O acidente vascular cerebral (AVC) é um dos mais importantes diagnósticos referidos ao médico radiologista no setor de emergência, devido a sua frequência, sua gravidade e pela necessidade de um diagnóstico preciso no menor tempo possível. Com o advento de terapias para a fase aguda do AVC, os estudos por imagem ganharam um papel ainda mais fundamental. Quando realizados em tempo hábil, além do diagnóstico, fornecem informações críticas sobre a circulação do tecido cerebral, ajudando, inclusive, na escolha terapêutica. Este texto discute, de forma resumida e simplificada, os principais conceitos radiológicos nessa situação.

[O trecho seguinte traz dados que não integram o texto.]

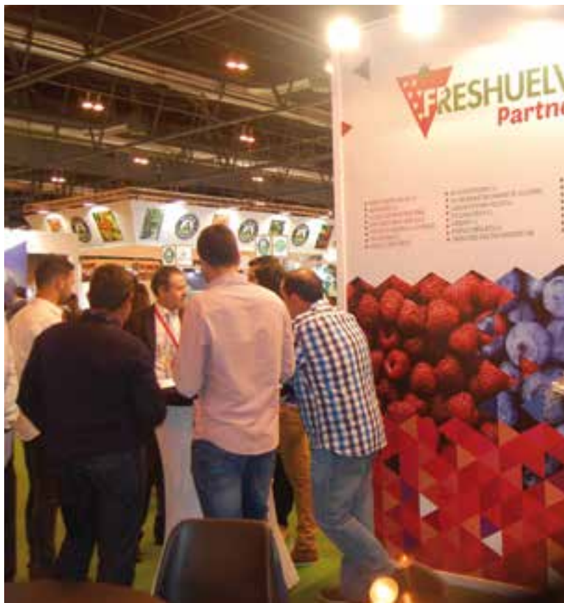
Freshuelva contará con un stand en Madrid.

Con esta iniciativa, Fruit Attraction destaca su capacidad como escenario donde conocer las últimas propuestas del sector, y como plataforma de promoción para las empresas participantes, ante profesionales y medios de comunicación ♦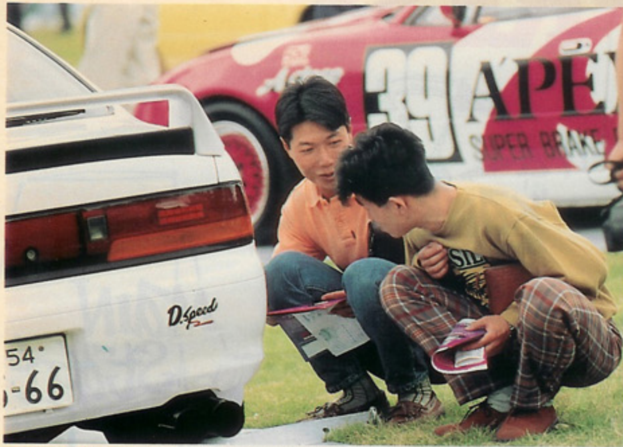
↑1人で来ている人も、ちょっとしたキッカケで友達を作ってしまう。afはそんな空間をキミへ提供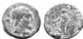
5 AHNS 638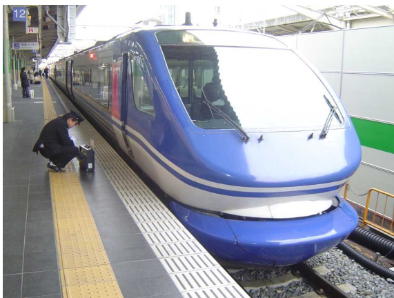
智頭急行HOT7000系 「スーパーはくと」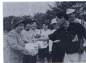
募金する参加者ら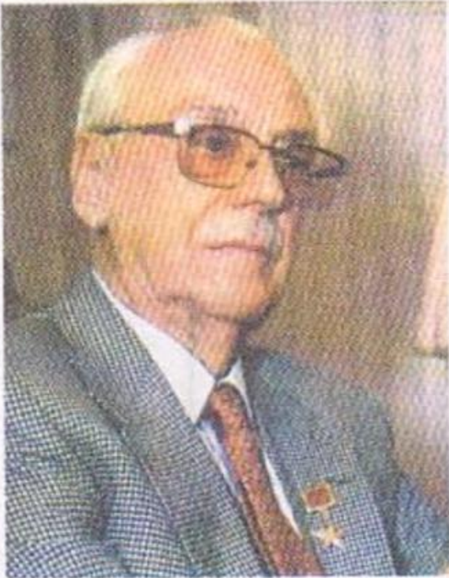
С. В. Михалков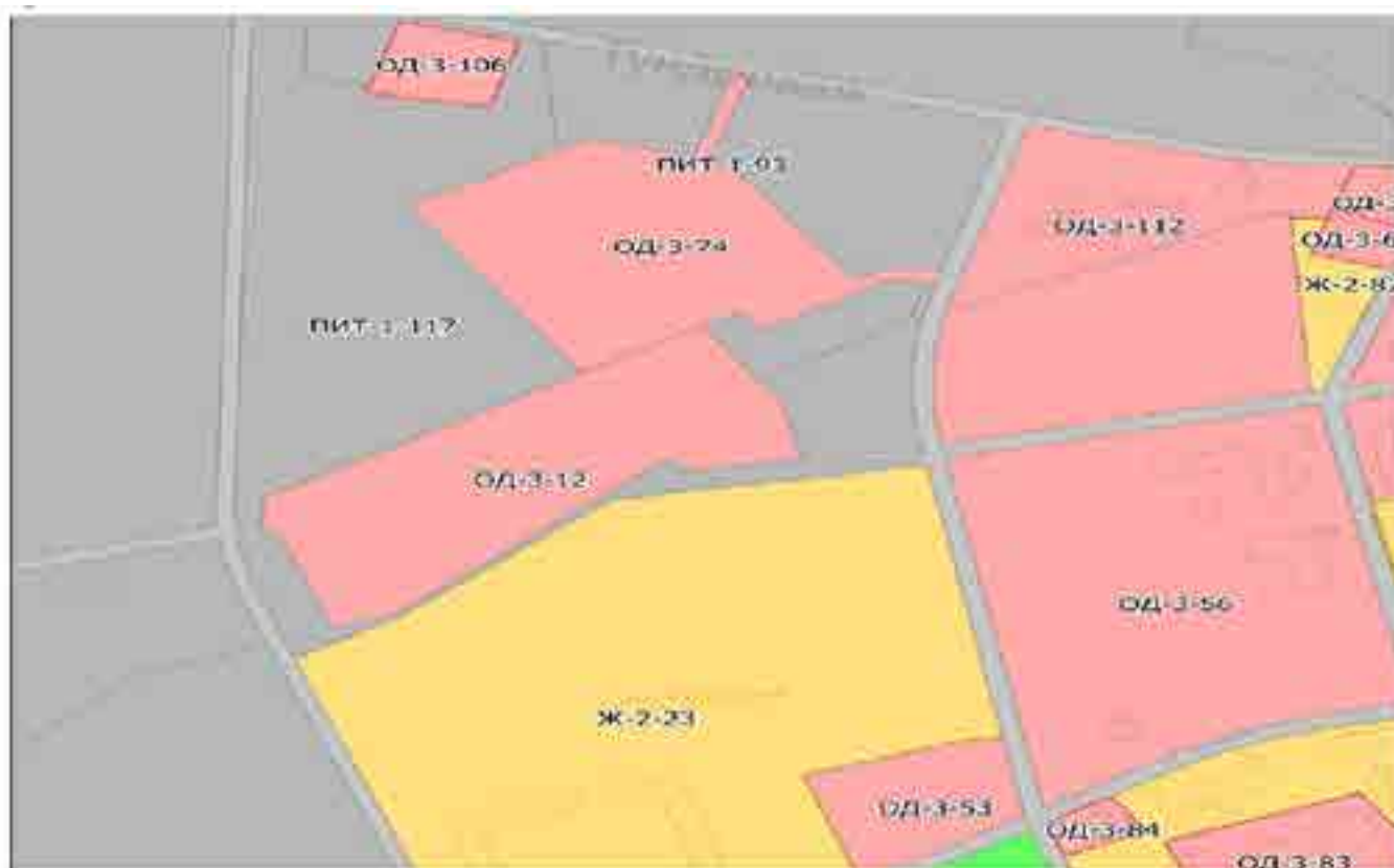
Схема изменения вида и границ территориальной зоны Карты градостроительного зонирования Карты зоны с особыми условиями использования территории

Приложение №3 к решению Собрания депутатов муниципального образования поселок Тазовский от 28 апреля 2020 года № 8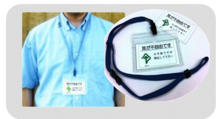
ネックホルダーのセット カードAまたはB 410円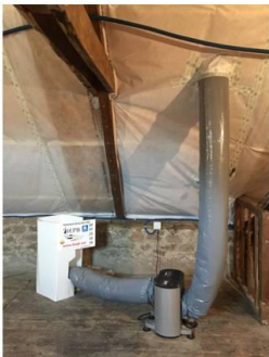
VPH – Ventilation Positive de l'Habitat hygrorégulée Prise d'air par l'extérieur, tempéré dans la VPH, diffusé par le plafond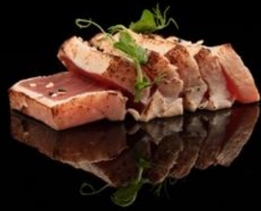
76 TATAKI TONNO 6pz:

Fette di tonno scottato con sesamo e salsa teriyaki.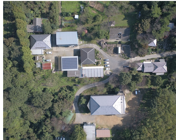
— 令和を迎える喝破道場空撮 —

平成天皇のご退位により、新たな元号が「令和」と決定された。新たな元号と相応しくないとする方々が夫々にコメントを出されているようですが、その元号に依って新たな時代の不幸が決定づけられる訳ではないと思います。 人は産まれ来る吾子のためにその一生が幸多かれと願い、中には易学や姓名判断を生業とする方に依頼して命名することもあります。 修行時代に法友が堂頭老師に自分の法名の手本書きをお願いしたこと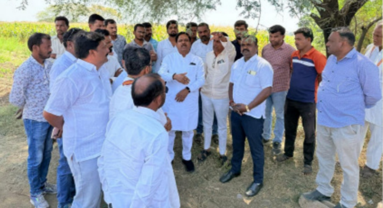
मध्ये प्रकल्पास अंतिम मान्यता देण्यात आली.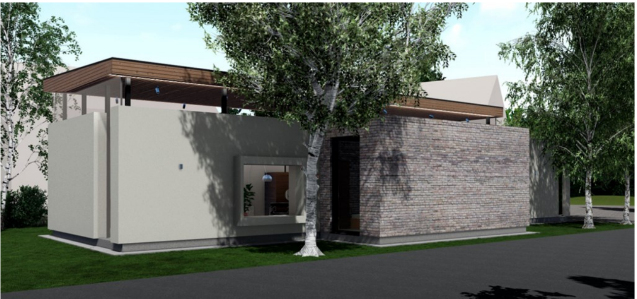
KUVA 3. Rakennuksen eteläpuolella työhuoneiden kohdalla on tiiliverhous, joka elävöittää ja rikkoo rakennuksen muuten pelkistettyä tyyliä. (Kuva ja mallinnus: Jenni Myllynen, 2023.)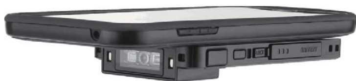
KDC470Di(1次元モデル)KDC470Ci(2次元モデル)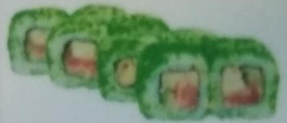
САППОРО МАКИ с фунгом, сливочным сыром, японским омлетом, соусом спайси, икрой тобики, 210г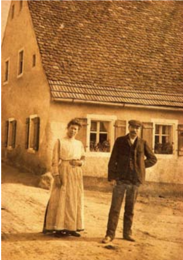
Amannstraße mit dem früheren Schmatzhaus ca. 1909, jetzt Ganslmeieranwesen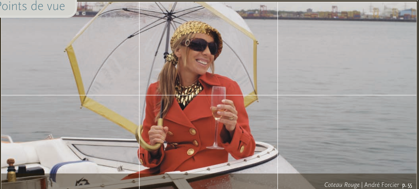
Coteau Rouge | André Forcier p. 55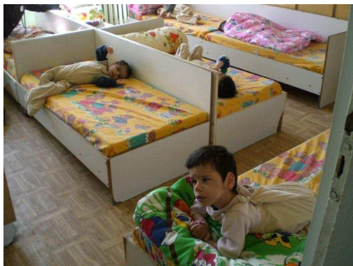
Nieuwe hoeslakens en dekbedovertrekken in vrolijke kleuren.

Inmiddels zijn alle hoeslakentjes en dekbedovertrekken die de stichting bij haar vorig bezoek had besteld, door ons naaiatelier afgeleverd. Agnes heeft dit gecontroleerd en foto's gemaakt.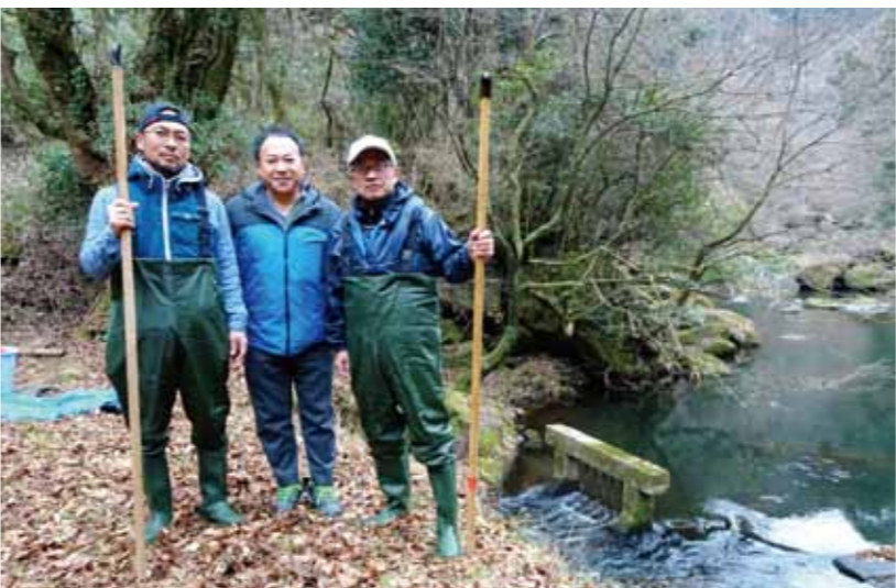
12月20日に音無井路の大谷川第一水門が制御不能というので、月に一回の清掃点検作業に同行して確認。対応を考えます。

本県の畑地かんがい施設は整備後、長い年月が経ち、老朽化が著しく進んでいる。そのため、パイプラインの破裂などの突発事故が多発。その数は、過去3カ年平均で年およそ100カ所。事故対応工事費は、平均40万円。ところが、これを支援する補助制度がない。足腰の強い園芸産地を維持・発展させるために、基幹水利施設の小規模な突発事故に迅速に対応できるように補助制度を創設してもらいたい。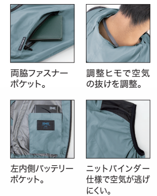
両脇ファスナーポケット。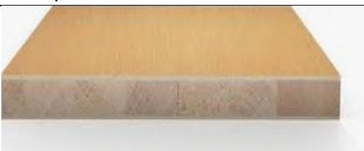
panelna plošča- mize v učilnici TIT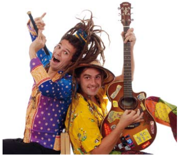
Lustig wird es für die Kids mit „Rodscha aus Kambodscha“

Karten für die Veranstaltung gibt es u.a. im Internet unter www.paarrock.de , im Sportheim Baar-Ebenhausen, bei Schreibwaren Uhlmann in Reichertshofen, Getränke Hörl in Baar-Ebenhausen sowie den Filialen der Hallertauer Volksbank. Die Besucher der Tagesveranstaltung haben die Möglichkeit, zwischen Tickets der unterschiedlichen Kategorien zu wählen: ein Ganztage-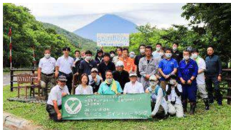
喜茂別町 相川地区にて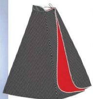
11-275-14 袷せ道中合羽 ¥ 21,000 (長さ1,100) 表: レーヨン100% 裏: アクリル100%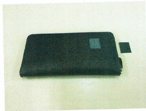
図 2 試験片の採取箇所および試験片の写真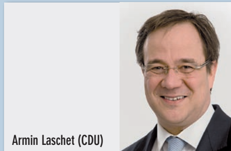
Armin Laschet (CDU)

„Landtag Intern“ macht den Aufschlag, die Abgeordneten retournieren.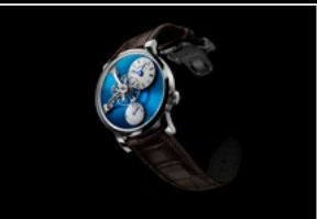
LM101 STEEL BLUE FRONT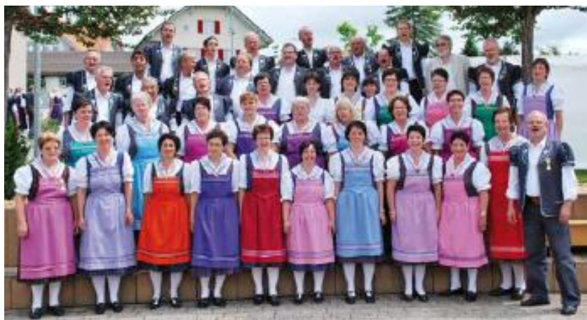
Lors des Céciliennes, à Arconciel, en 2010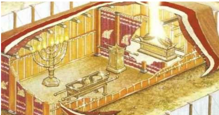
Slika 1 (Shodni šotor, svetovni splet 2020)

Izraelci so ga lahko nosili s seboj med potovanjem po puščavi. Bil je središče Izraelovega bogočastja, vse dokler ga ni nadomestil Salomonov tempelj.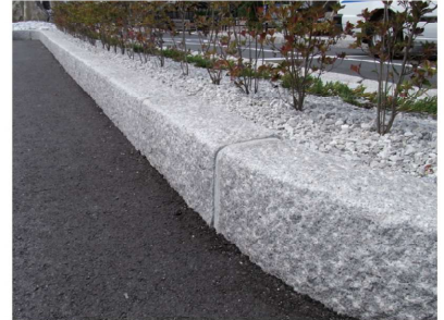
■長門市駅前広場（長門市）

A tomografia computadorizada (TC) de crânio é o método mais utilizado na avaliação da fase aguda do AVC. Ela foi idealizada no início dos anos 1970 por Sir Godfrey N. Hounsfield e utiliza raios X (radiação ionizante) para a formação da imagem. Diferente da radiografia convencional, ela baseia-se no princípio de que a estrutura interna de um objeto pode ser reconstruída a partir de múltiplas projeções do mesmo. Para que ocorram essas múltiplas projeções, o paciente entra em um “túnel” onde existe um feixe de raios X que gira ao seu redor, obtendo-se, assim, imagens seccionais que podem ser combinadas para produzir reconstruções tridimensionais.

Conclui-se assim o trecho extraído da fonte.